About the only noticable difference is that the algae in my DT turned a darker green and is growing thicker on some rocks. I assume this is because the nutrients are leeching out of the rocks. I just wish I had more difinitive results like so many others have had that tell me this thing is working. It's very frustrating to watch as the algae takes over my corals.
 
Tristan: Make sure the screen goes all the way to the bottom so the water does not fall off.

Andy: The short answer is that your scrubber is not powerful enough for your situation, which is told by the no-green growth. Post some display pics. Also, with three layers of screen, you do want to clean everything off. Post before and after cleaning shots too. Note: The two bulbs in the original posting is not much, and was posted before guidelines were found. The minimum should be 0.5 watts per gallon for medium filtering; 1.0 watts per gallon for high filtering. If you have living matter in your sump, you'd have 165 gal, so the least you'd want would be 80 watts of light. This is why your scrubber is weak. Might still be able to help though, after seeing pics.
 
ive tried that but it seems to make the flow weaker. im using a 1 1/4 pvc. is that too big? that's the only one that will fit the eshopps overflow.
 
Here is the DT full shot.

IMG_1411.jpg


Here is a closer shot of an area where it is growing in thicker and darker, note the continued growth on the glass:

IMG_1511-1.jpg



I should have taken some more photos this morning, as I just spent the last 3 hours removing rocks from the DT to scrub in buckets. Imagine the above photo's GHA about 2 inches long and covering the entire upper surface.

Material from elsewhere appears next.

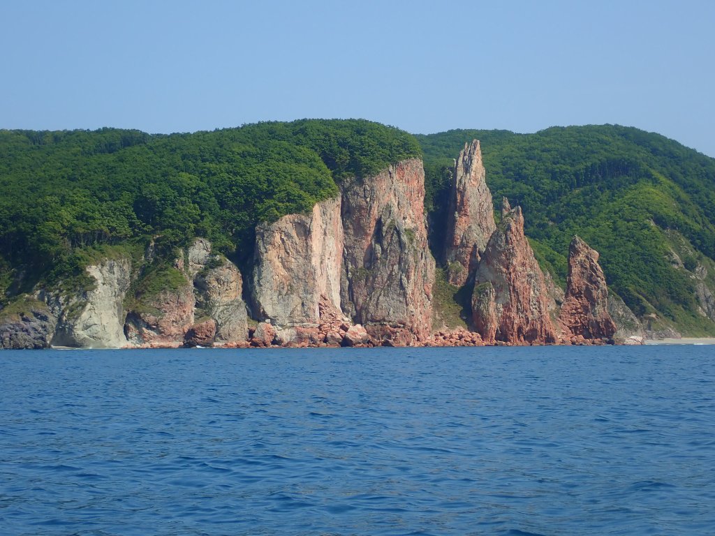 Море стихло примерно на половину, приходит зыбь 0.7 м, но совсем нет ветра. Все карты нам в руки в общем. После небольшой пробуксовки с дежурством, выходим и идем вдоль берега. Побережье здесь монументально. Хотя совсем вплотную из-за зыби подойти не можем, идем довольно-таки близко. Огромные каменные утесы с елями прямо над нами вызывают одновременно ощущение масштаба и трепета, перед мощью дикой природы.

The lights are 23W CFL 5000K rating, which is equivalent to 100w each. I do clean all three layers of the screen on all sides of the screen. I can take a photo, but I am in between cleaning cycles and only have about half the brown growth right now.
 
Pipe size will not affect flow. Yes you want hair algae.

Equivalent watts is not used, only real watts. 2 X 23 is too small for 160 gal, as you are finding. Matter of fact if you fit your screen into a 5 gal bucket, then that screen is really too small too. Looks like you have the space, so the easiest thing to do would be to add a second bucket, just like the first. Last resort would be to add two more lights to the first bucket.

However, if you are getting partial green now, it might go all green eventually.

When cleaning, don't clean between the screens; only clean the two outer sides. Algae will remain in-between to grow quickly.
 
I don't have mine in a bucket, it's in my sump. I do not have room to add another screen, or a bucket for that matter. So, if lights are a problem, should I not use CFLs?